Figure 3.5Increase in percentage of homozygosity under various systems of inbreeding. (a) Selfing reduces heterozygosity by 50% of what existed at the previous generation. (b) The approach to homozygosity is most rapid under self‐fertilization.

The genetic consequences of inbreeding were alluded to in Section 3.8. The tendency toward homozygosity with inbreeding provides an opportunity for recessive alleles to be homozygous and hence expressed. Whereas inbreeding generally has little or no adverse effect in inbred species, crossbred species suffer adverse consequences when the recessive alleles are less favorable than the dominant alleles. Called inbreeding depression, it is manifested as a reduction in performance, because of the expression of less fit or deleterious alleles. The severity of inbreeding depression varies among species, being extreme in species such as alfalfa in which inbreeding produces homozygous plants that fail to survive. Further, the effect of inbreeding is most significant in the first five to eight generations, and negligible after the eighth generation in many cases.

Inbreeding is desirable in some breeding programs. Inbred cultivars of self‐pollinated species retain their genotype through years of production. In cross‐pollinated species, inbred lines are deliberately developed for use as parents in hybrid seed production. Similarly, partially inbred lines are used as parents in the breeding of synthetic cultivars and vegetatively propagated species by reducing the genetic load. Another advantage of inbreeding is that it increases the genetic diversity among individuals in a population, thereby facilitating the selection process in a breeding program.

Mating is a way by which plant breeders impact the gene frequencies in a population. Four mating systemsare commonly used to effect inbreeding: self‐fertilization, full‐sib mating, half‐sib mating, and backcrossing. Self‐fertilization is the union of male and female gametes; full‐sib mating involves the crossing of pairs of plants from a population. In half‐sib mating, the pollen source is random from the population, but the female plants are identifiable. In a backcross, the F 1is repeatedly crossed to one of the parents. Self‐fertilization and backcrossing are the most extreme forms of inbreeding attaining a coefficient of inbreeding (F) of 15/16 after four generations of mating. Autopolyploids have multiple alleles and hence can accumulate more deleterious alleles that remain masked. Inbreeding depression is usually more severe in autopolyploids than diploid species. However, the progression to homozygosity is much slower in autopolyploids than in diploids.
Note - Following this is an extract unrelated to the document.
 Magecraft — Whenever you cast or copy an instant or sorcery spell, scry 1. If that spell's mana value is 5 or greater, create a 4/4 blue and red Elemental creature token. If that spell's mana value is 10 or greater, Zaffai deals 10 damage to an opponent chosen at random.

The general goal of improving open or cross‐pollinated species is to change the gene frequencies in the population toward fixation of favorable alleles while maintaining a high degree of heterozygosity. Unlike self‐pollinated species in which individuals are the focus and homozygosity and homogeneity are desired outcomes of breeding, population improvement focuses on the whole group, not individual plants. Consequently, open‐pollinated populations are not homogeneous.
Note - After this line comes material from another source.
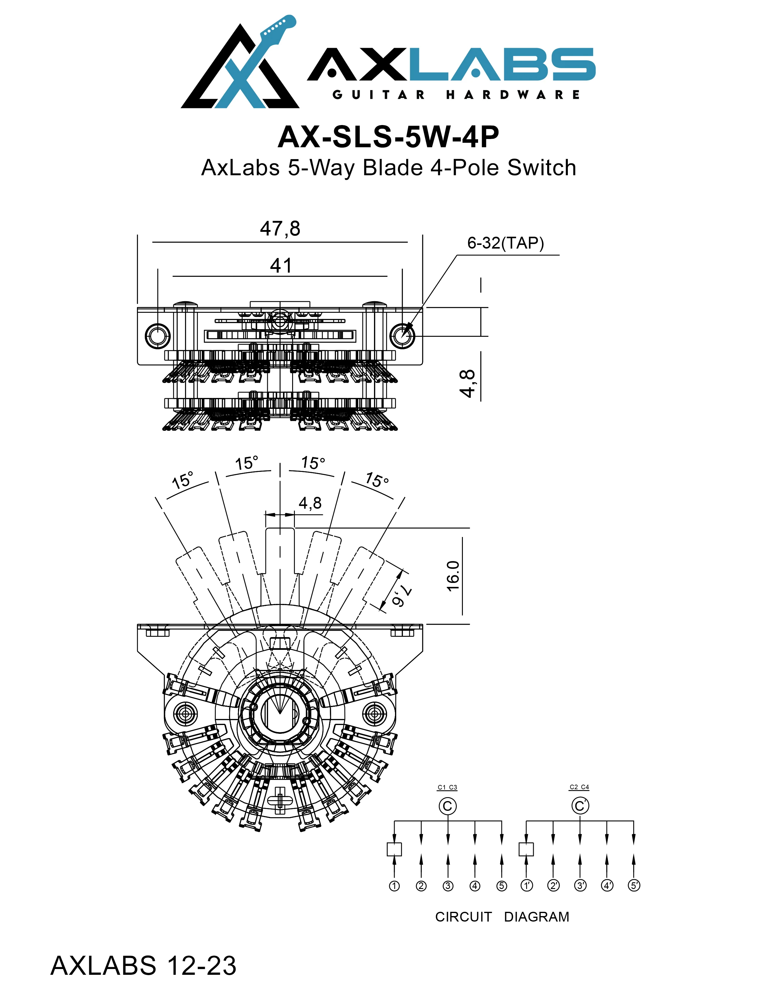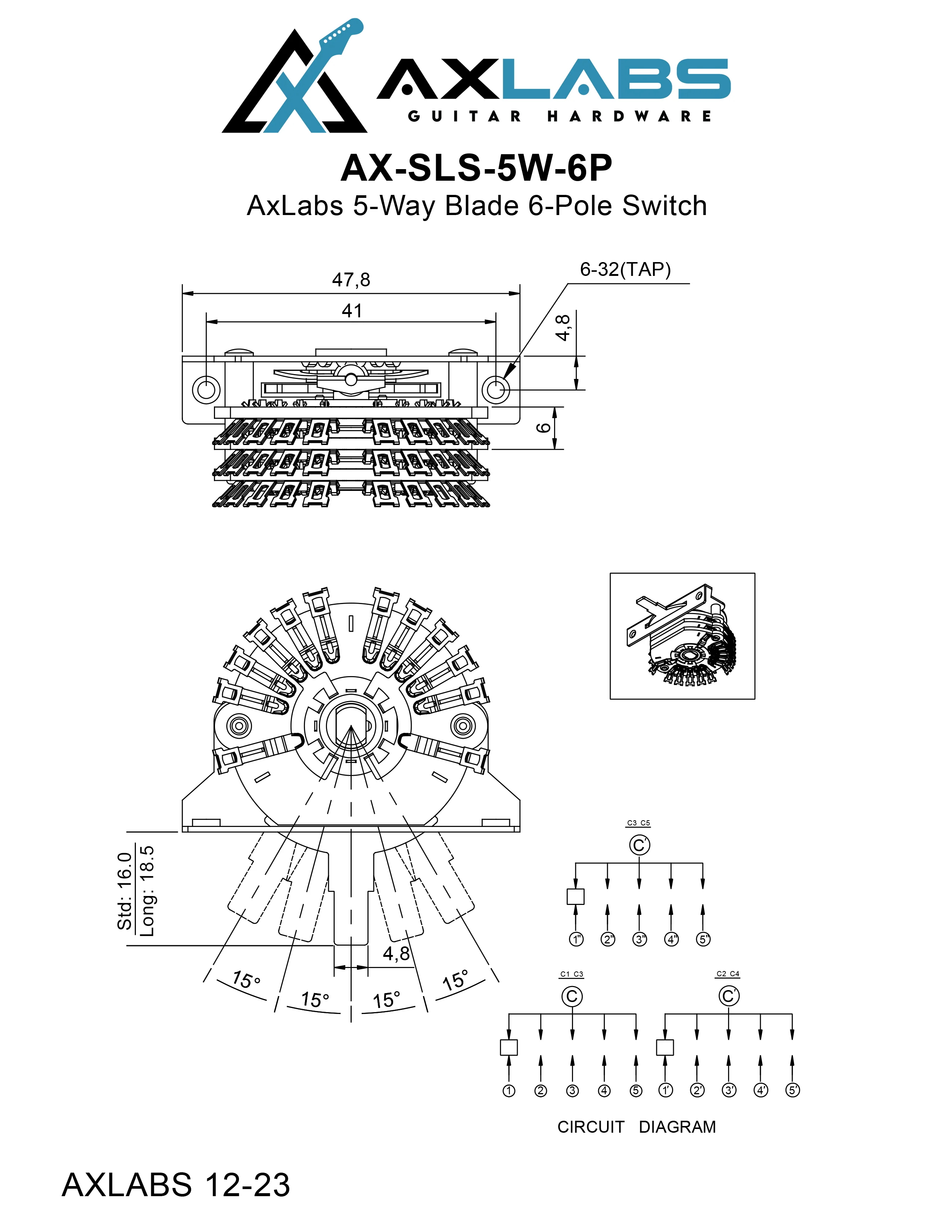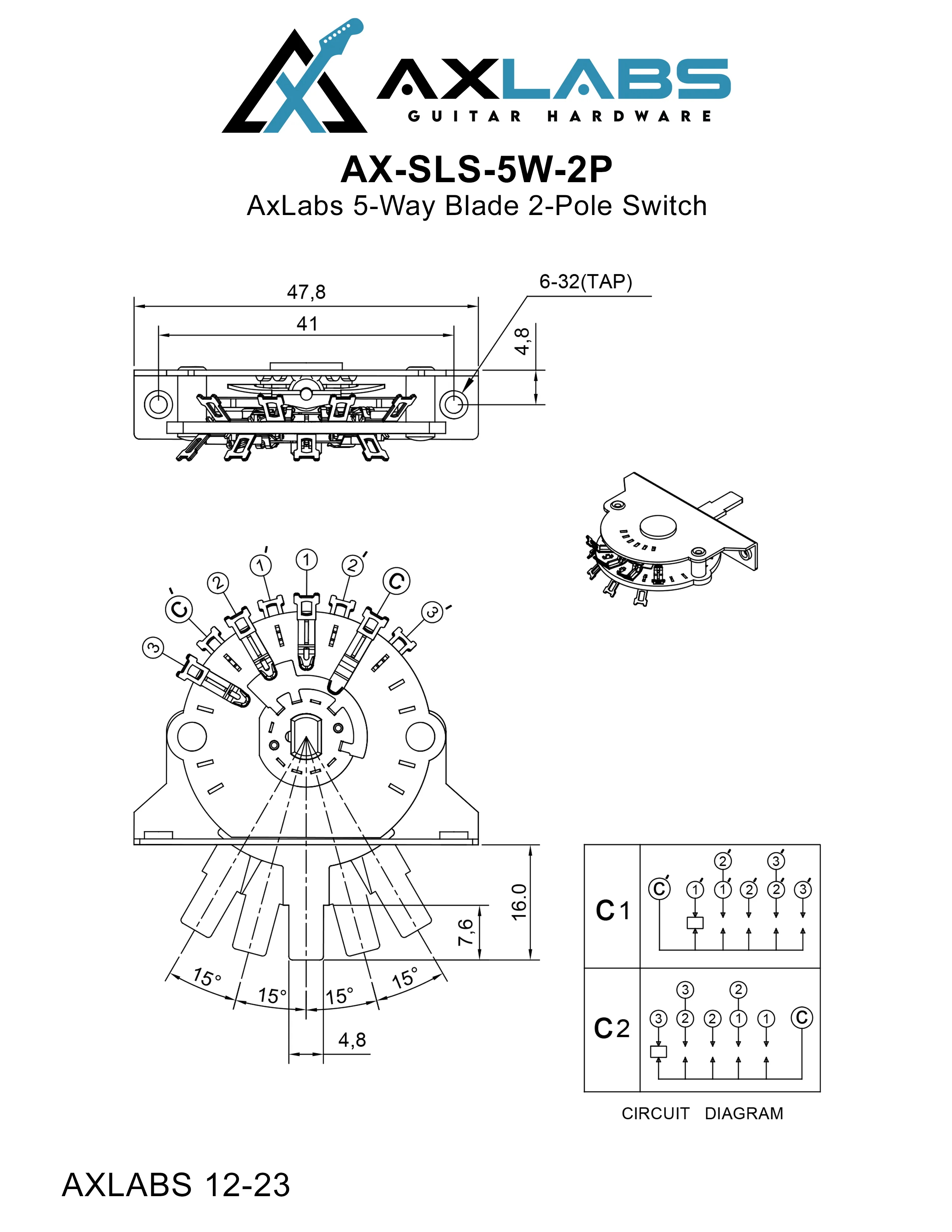selector selector clásico de alta calidad para guitarras con dos camionetas, como una Stratocaster, que permite diferentes combinaciones tonales. Los componentes de la guitarra AxLabs han ofrecido una sensación de calidad, sonido y fiabilidad durante más de cuarenta años. Ideal para sustituciones de especificaciones vintage, así como nuevas construcciones. Incluye perilla de selector negra. Una variedad de opciones de perilla se venden por separado.

The population can be changed by one of two general strategies (i.e. there are two basic types of open pollinated populations in plant breeding) – by population improvementand by development of synthetic cultivars. To develop cultivars by population improvement entails changing the population en masse by implementing a specific selection tactic. A cultivar developed this way is sustainable in a sense, maintaining its identity indefinitely through random mating within itself in isolation. The terminology “synthetic” is used to denote an open pollinated cultivar developed from combining inbred or clonal parental lines. However, the cultivar is not sustainable and must be reconstituted from parental stock. Other usage of the term occurs in the literature.